# Lunar Lander Problem
The problem consists of an 8-dimensional continuous state space and a discrete action space. The four discrete
actions available are: do nothing, fire the left orientation engine, fire the main engine, fire the right orientation
engine. The landing pad is always at coordinates (0,0). Coordinates consist of the first two numbers in the state
vector. The total reward for moving from the top of the screen to the landing pad ranges from 100 - 140 points
varying on the lander placement on the pad. If the lander moves away from the landing pad it is penalized the
amount of reward that would be gained by moving towards the pad.
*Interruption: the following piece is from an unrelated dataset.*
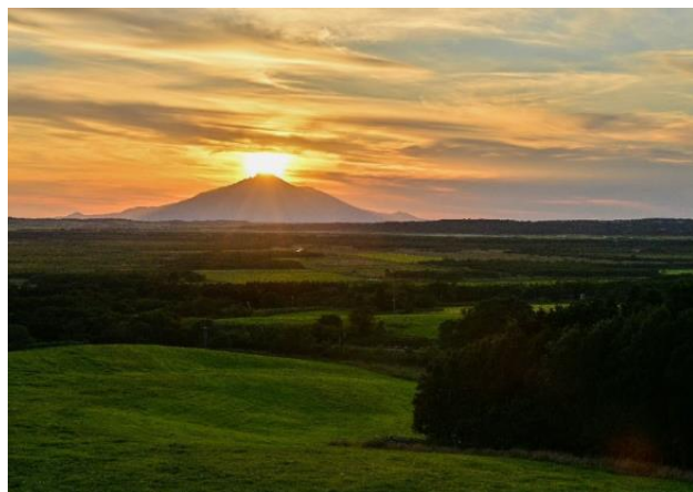
原野とダイヤモンド利尻富士

An episode finishes if the lander crashes or
comes to rest, receiving an additional -100 or +100 points respectively. Each leg ground contact is worth +10
points. Firing the main engine incurs a -0.3 point penalty for each occurrence. Landing outside of the landing
pad is possible. Fuel is infinite, so, an agent could learn to fly and land on its first attempt. The problem is
considered solved when achieving a score of 200 points or higher on average over 100 consecutive runs.

## States
At each time step, a tuple of size 8 is given representing the 8 states: &emsp;  *(x,y,$v_{x}$,$v_{y}$,$\theta$,$v_{\theta}$,$leg_{L}$,$leg_{R}$)*
State in respective order:
- *x-coordinate* 
- *y-coordinate*
- *horizontal velocity ($v_{x}$)*
- *vertical velocity ($v_{y}$)*
- *angle of lander with respect to verical access*
- *angular velocity of the lander*
- *boolean for if left leg is touching ground*
- *boolean for if right leg is touching ground*

# Rewards
Reward for moving from the top of the screen to the landing pad and coming to rest is about 100-140 points. If the lander moves away from the landing pad, it loses reward. If the lander crashes, it receives an additional -100 points. If it comes to rest, it receives an additional +100 points. Each leg with ground contact is +10 points. Firing the main engine is -0.3 points each frame. Firing the side engine is -0.03 points each frame. Solved is 200 points.

# Import and Create Environment

In [41]:
import gym
import matplotlib.pyplot as plt
from IPython import display
%matplotlib inline

# define seed for reproducibility
seed=222980

# initialize environment
env = gym.make('LunarLander-v2',render_mode="human")
env.action_space.seed(seed)

# get info on environment and seed
observation, _ = env.reset(seed=seed, options={})

# get environment info
num_actions = env.action_space.n 
num_inputs = env.observation_space.shape[0]

observation

array([-0.00676279,  1.4031343 , -0.68501765, -0.34606552,  0.00784321,
        0.15516661,  0.        ,  0.        ], dtype=float32)

In [19]:
num_actions

4

In [20]:
num_inputs

8

# Demonstrate Untrained Simulation
- Take random action.
- Unpack information after taking simulation step.
- Show simulation.
- Close environment

In [42]:
# %%
for _ in range(100):
    observation, reward, terminated, truncated, info = env.step(env.action_space.sample())
    env.render()

    if terminated or truncated:
        observation, info = env.reset()

env.close()